The effect of the offer and issue of the convertible notes on the Company will be that the Company will raise $250,000 before costs. The proceeds from the issue of the convertible notes will be used to manufacture additional inventory of the Company’s SPACETALK children’s phone+watch required for future and existing distribution arrangements.
Unless otherwise defined, capitalised items used in this notice have the same meaning as in the Unsecured Convertible Note Deed dated 3 October 2018 ( Note Deed ).
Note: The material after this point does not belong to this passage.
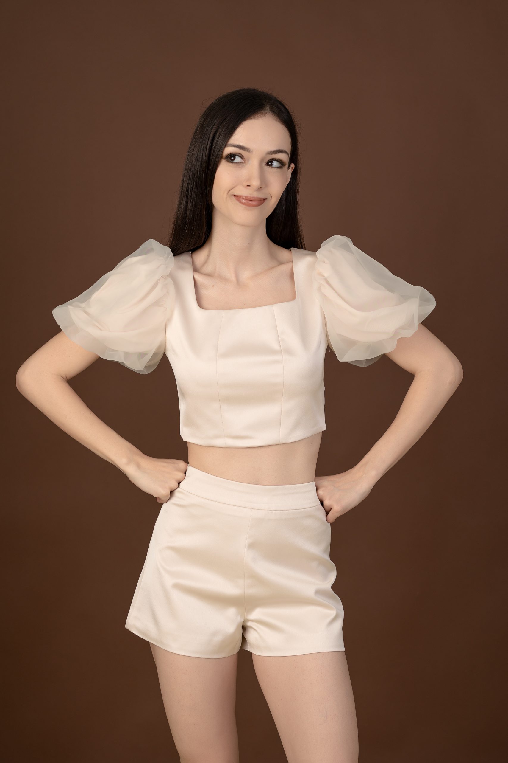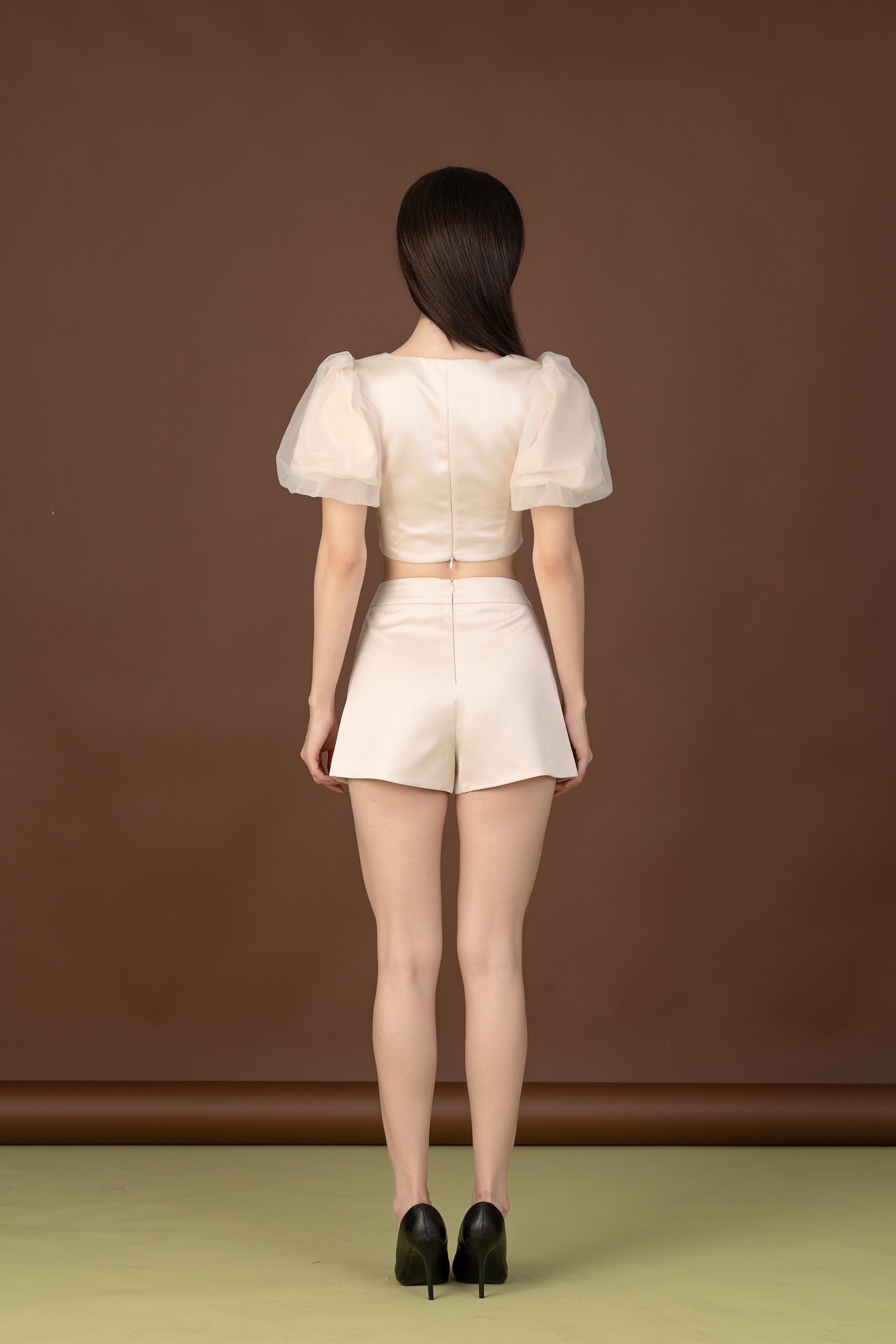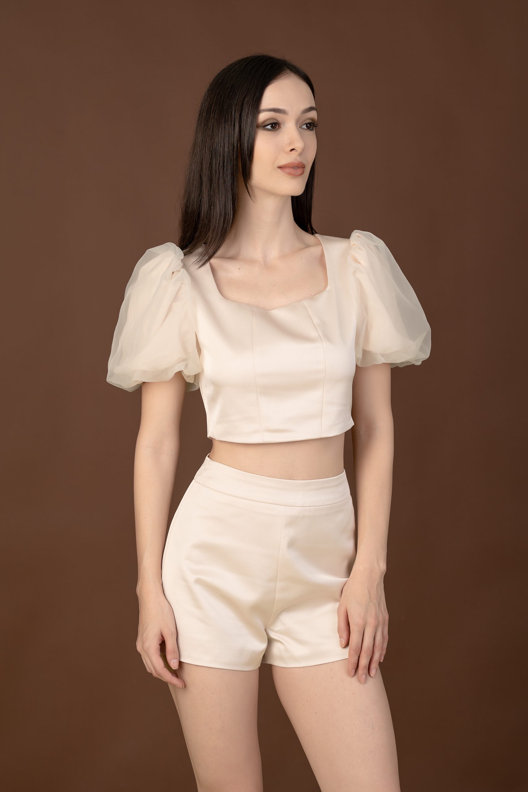 A champagne acetate slim high-waisted shorts in champagne, blending drama and elegance, offering a flattering, sophisticated look suitable for various social events.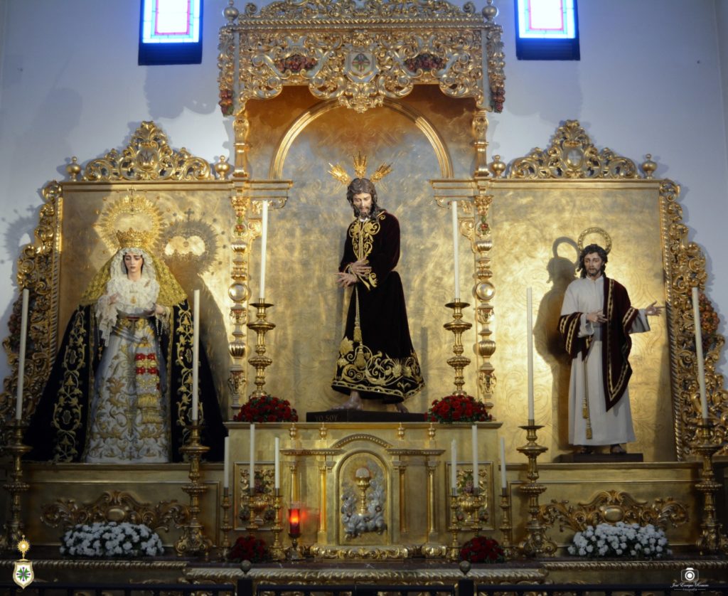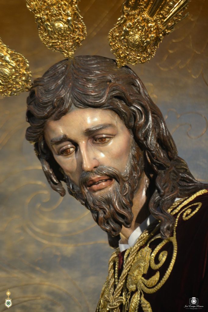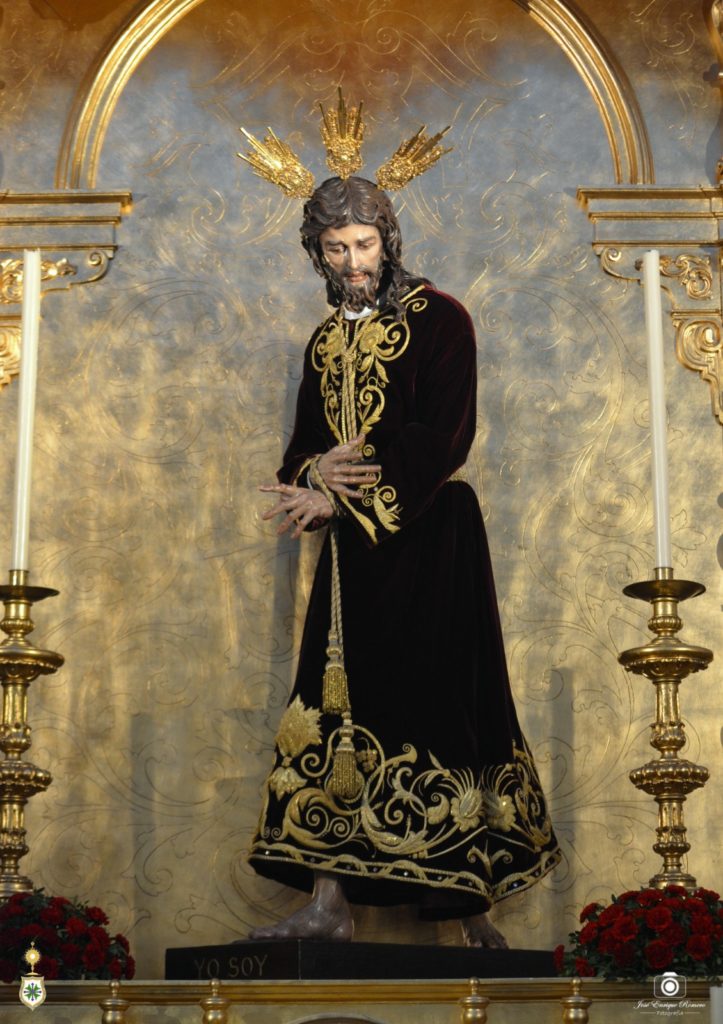 Durante este tiempo eucarístico, nuestro titular cristífero portará la túnica burdeos bordada en oro por José Librero Fernández en su taller de Coria del Río, y que fue estrenada en diciembre de 2019 con motivo de la reposición al culto de la efigie del Señor tras la última intervención que le practicó el conservador Pedro Manzano Beltrán.

1. Rights and liabilities of convertible notes
-
(a) Maturity Date: 3 October 2020
-
(b) Coupon: 7% per annum on the outstanding Principal Amounts of issued Convertible Notes, payable on 31 March, 30 June, 30 September and 31 December in each year and on the Maturity Date.
-
(c) Convertible Note Redemption: The Company agrees to redeem each Convertible Note on the Maturity Date, to the extent it has not been converted into Shares or a relevant Investor has not delivered a Conversion Notice in respect of them on or before the Maturity Date, by paying to the Investors in their proportions an amount equal to the outstanding Principal Amount plus accrued but unpaid interest, in full, in immediately available funds, without withholding or deduction, in Australian Dollars.
-
(d) Conversion: Convertible into Shares at the Investor’s option at any time up and including the Maturity Date, at the Conversion Price.
-
(e) Number of Shares on conversion: The Convertible Notes are convertible into shares at the election of an investor in accordance with the following formula:
-
a. Number of shares = Principal Amount/Conversion Price
-
b. Conversion Price means the lower of:
- i. a 20% discount to the lowest price at which shares have been issued after the date of the Convertible Note Deed; or
ii. $3.50 (the Floor Price).
2. Rights and liabilities of ordinary shares of Company
The rights and liabilities of ordinary shares of the Company (which the Convertible Notes convert into) can be summarised as follows.
4
The rights and liabilities attaching to ownership of Shares arise from a combination of the constitution of the Company, statute, the ASX Listing Rules and general law.
3. Further information
The Company is a disclosing entity for the purposes of the Corporations Act. As a disclosing entity, it is subject to regular reporting and disclosure obligations. Broadly, these obligations require the Company to prepare both yearly and half yearly financial statements, a report on the operations of the Company during the relevant accounting period together with an audit or review report by the Company’s auditor.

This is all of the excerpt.